#### What is required:
Within the entries below, please return exactly the lines from the one with "Vestido midi de" through the one with "Gli occhiali non", leaving out any pictures.

#### Data extract:
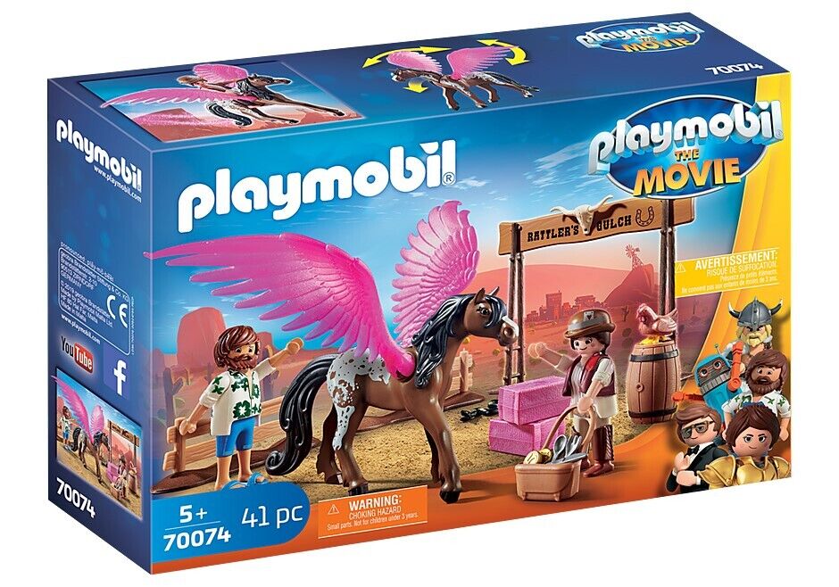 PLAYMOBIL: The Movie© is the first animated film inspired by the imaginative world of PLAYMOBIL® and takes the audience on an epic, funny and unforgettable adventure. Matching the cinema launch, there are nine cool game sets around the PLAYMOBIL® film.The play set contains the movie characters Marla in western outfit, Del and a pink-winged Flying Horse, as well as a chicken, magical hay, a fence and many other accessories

--

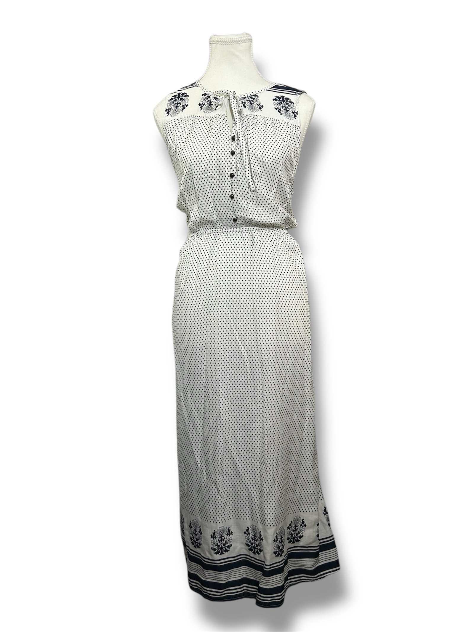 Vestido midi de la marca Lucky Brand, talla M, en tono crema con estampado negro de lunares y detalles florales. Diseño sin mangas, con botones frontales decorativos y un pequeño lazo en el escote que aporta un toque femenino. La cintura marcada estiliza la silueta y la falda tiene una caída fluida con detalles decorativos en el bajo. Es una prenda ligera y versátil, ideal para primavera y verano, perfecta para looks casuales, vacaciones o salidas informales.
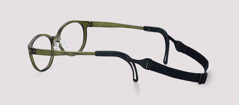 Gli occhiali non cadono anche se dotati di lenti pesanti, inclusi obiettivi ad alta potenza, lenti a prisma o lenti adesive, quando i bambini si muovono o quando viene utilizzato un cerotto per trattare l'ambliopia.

...

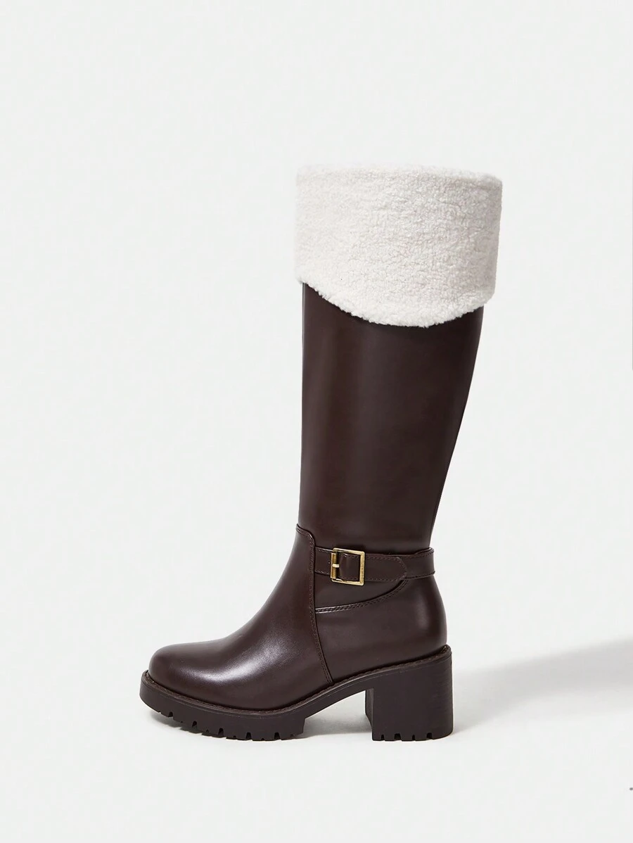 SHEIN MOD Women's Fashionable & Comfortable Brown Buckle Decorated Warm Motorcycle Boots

#### Result for this exercise:
 Vestido midi de la marca Lucky Brand, talla M, en tono crema con estampado negro de lunares y detalles florales. Diseño sin mangas, con botones frontales decorativos y un pequeño lazo en el escote que aporta un toque femenino. La cintura marcada estiliza la silueta y la falda tiene una caída fluida con detalles decorativos en el bajo. Es una prenda ligera y versátil, ideal para primavera y verano, perfecta para looks casuales, vacaciones o salidas informales.
 Gli occhiali non cadono anche se dotati di lenti pesanti, inclusi obiettivi ad alta potenza, lenti a prisma o lenti adesive, quando i bambini si muovono o quando viene utilizzato un cerotto per trattare l'ambliopia.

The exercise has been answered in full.